Cytochrome P450 enzymes are involved in the intermolecular oxidative phenol coupling process for the dimerization of monomers of biaryl compounds, including julichromes, spectomycins, lincolnian, and setomimycin [43,44,45,46,47,48,49]. As anticipated, the P450-like enzymes StmI, SetI, and SemI are present in setomomycin BGCs, and their corresponding enzymes have been identified in lincolnenins, julichromes, and spectomycins. Furthermore, StmI was identified by a tertiary structure prediction program search using HHpred as the enzyme responsible for the oxidative phenol coupling reaction between OxyA and OxyB (PDE, 1LFK) during vancomycin biosynthesis. AspB (PDB, 8TWU), which is involved in the dimerization of diketopiperazine (DKP), and cytochrome P-450 (PDE, 6KZS), which are involved in biaryl coupling, although the specific compound is unknown in S. griseus.
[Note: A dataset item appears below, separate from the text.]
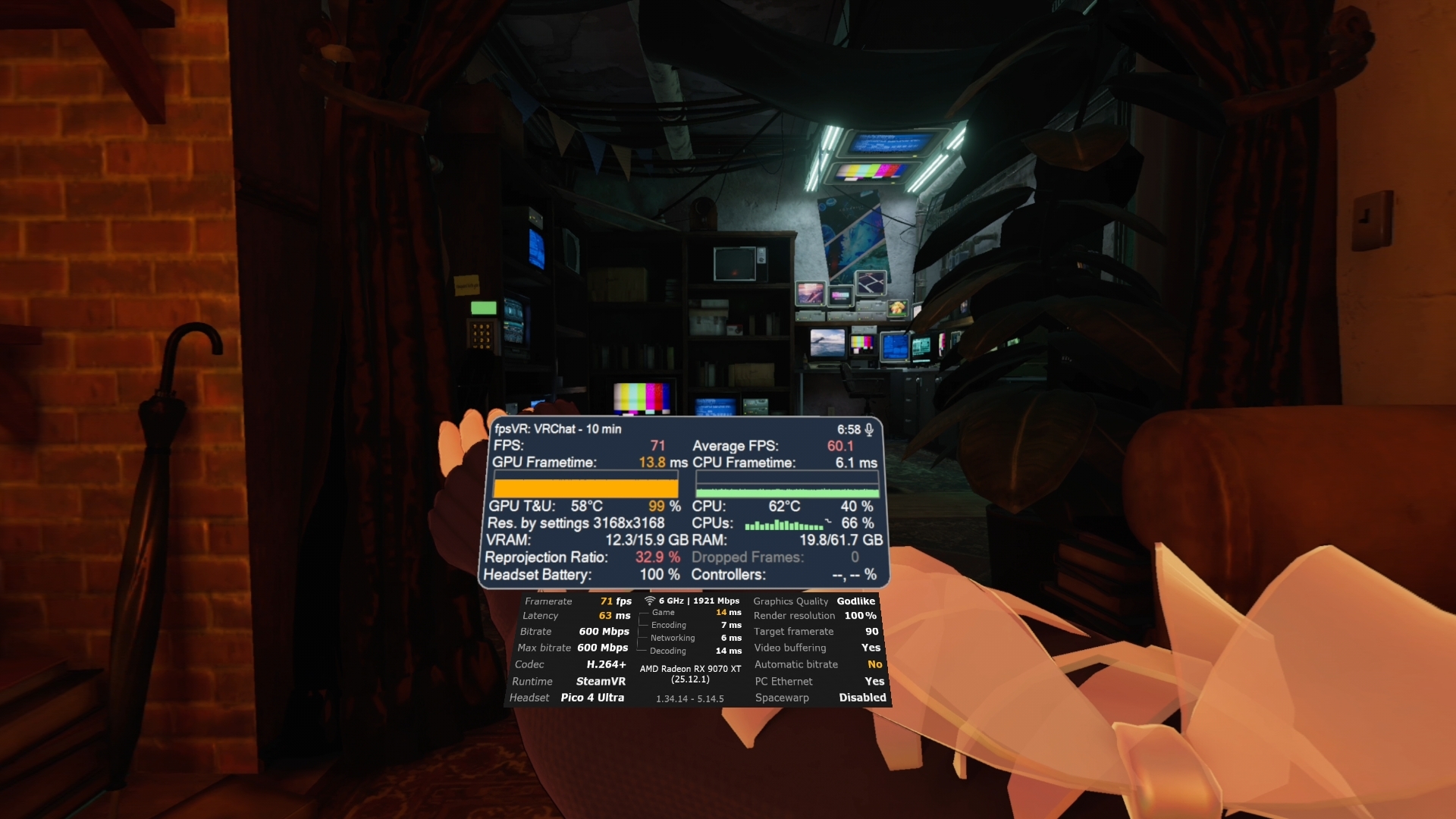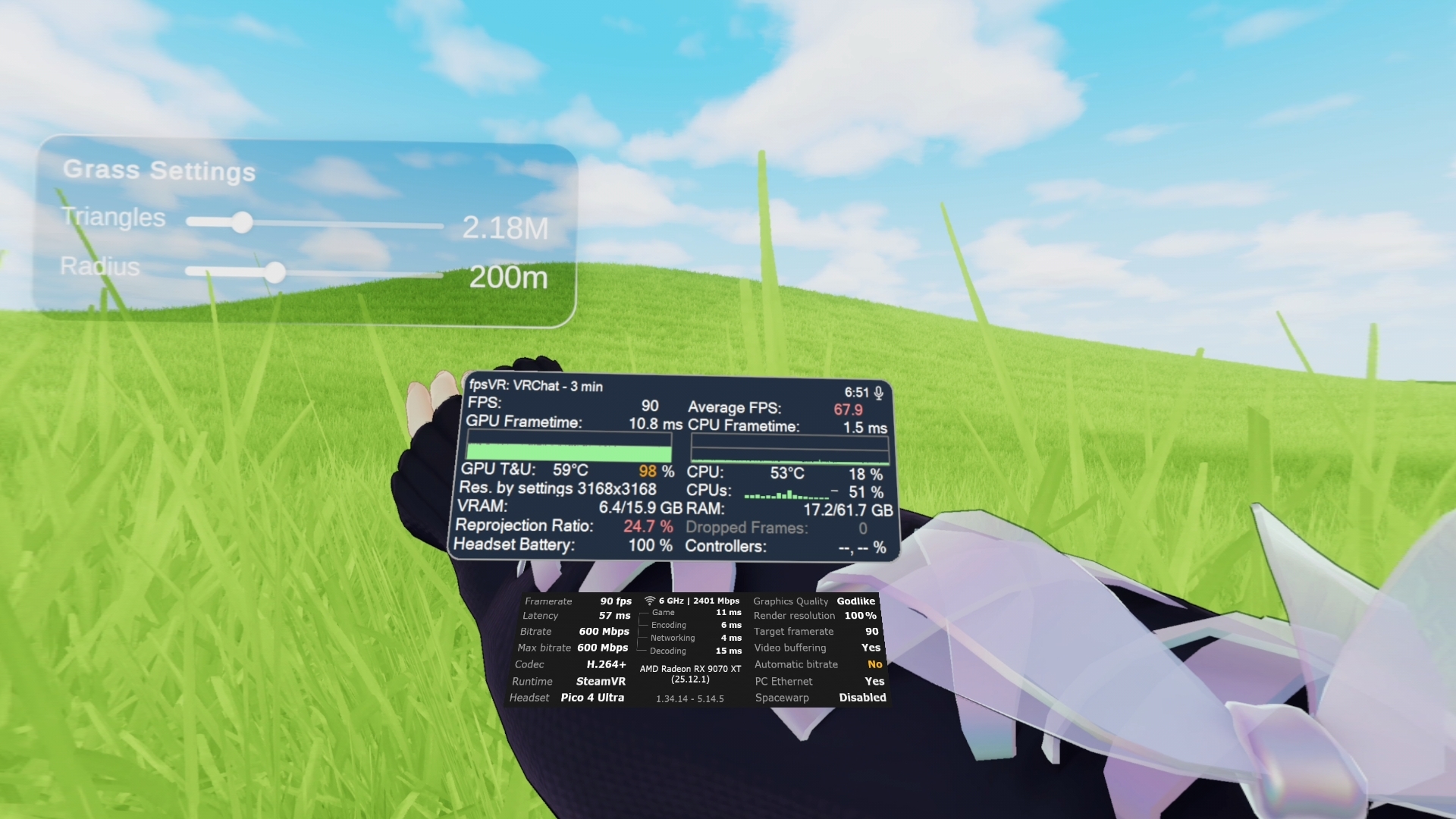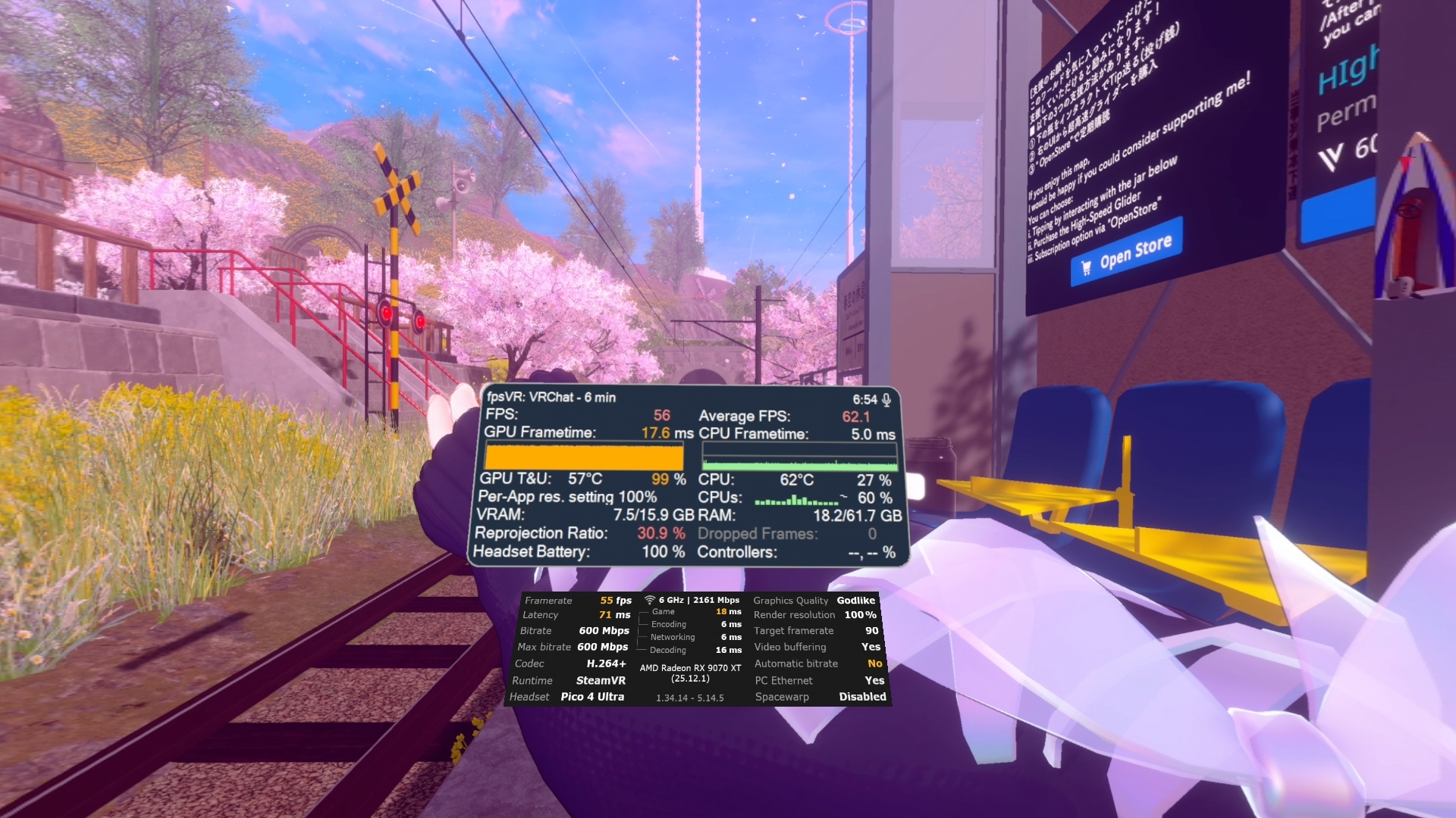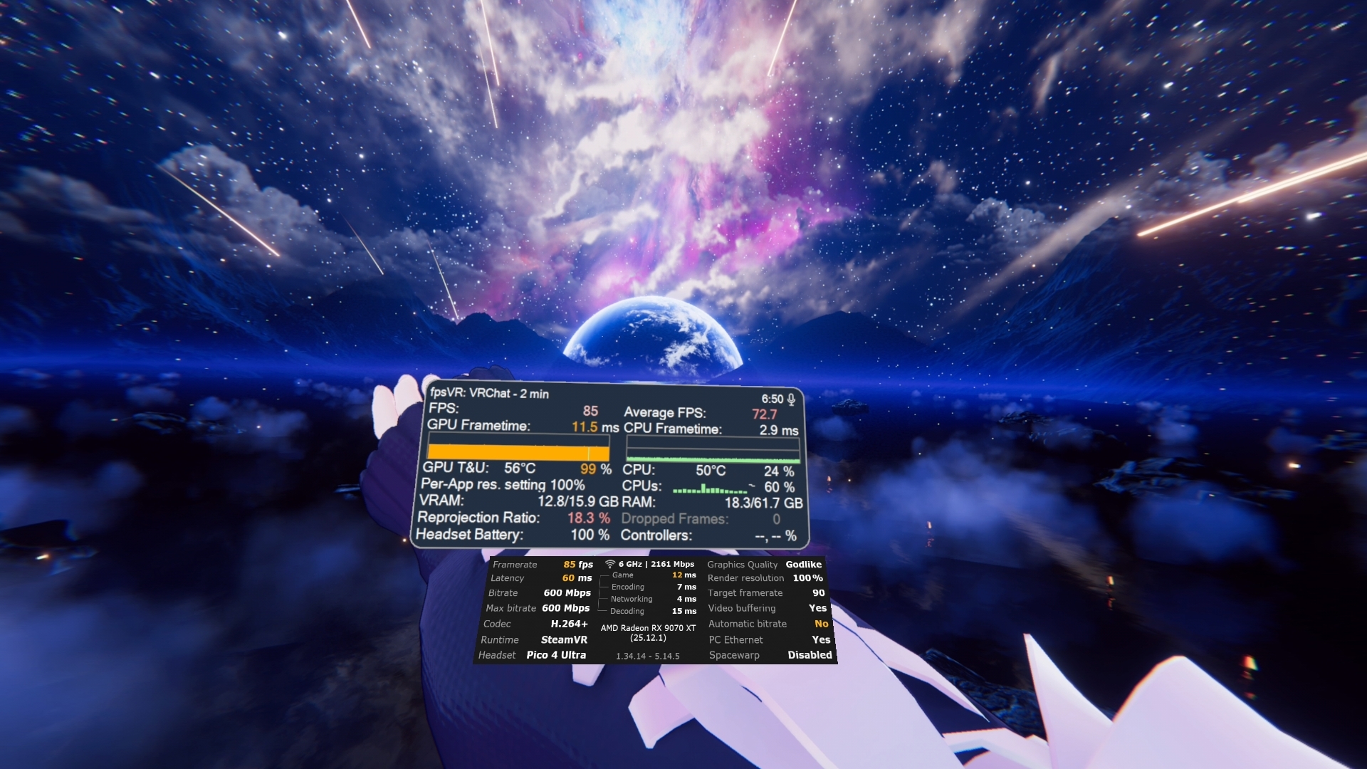 PICO 4 UltraとVirtual Desktopを使用し、H.264+ 600Mbpsの設定でテストしています。VRChatの設定はアンチエイリアス設定以外を全て最高設定にしてあります。(高プリセットベースでミラーを無制限に)

Setomimycin P450s (StmI, SetI, and SemI) exhibit typical P450 fold characteristics, with helix L containing the signature sequence, FGHGXHXCLG (H351 substituted with Y351). In addition, the proximal axial thiolate ligand of heme iron, Cys347, is conserved. Moreover, multiple sequence alignments of putative setomimycin P450s, OxyA, OxyB, and AspB, with structurally confirmed P450s from bacteria also identified the highly conserved ²⁴⁴A/GGxxT²⁴⁹ motif characteristic of conserved P450s, the ²⁸³ExxR²⁸⁶ motif in the K-helix, and the ³⁵¹GxxxC³⁵⁵ motif in the heme-binding ring [50,51]. However, the A/GGXXT motif has not been identified in biaryl polyketides other than setomimycin: lincolnenins, julichromes, and spectomycin P450. Furthermore, spectomycin P450 exhibited a substitution of the F349 residue in the FGHGxHxCLG motif with a Q349 residue. These differences may be related to the substrate specificity of the biaryl polyketides and the C-C position of the phenol coupling (Figure S6).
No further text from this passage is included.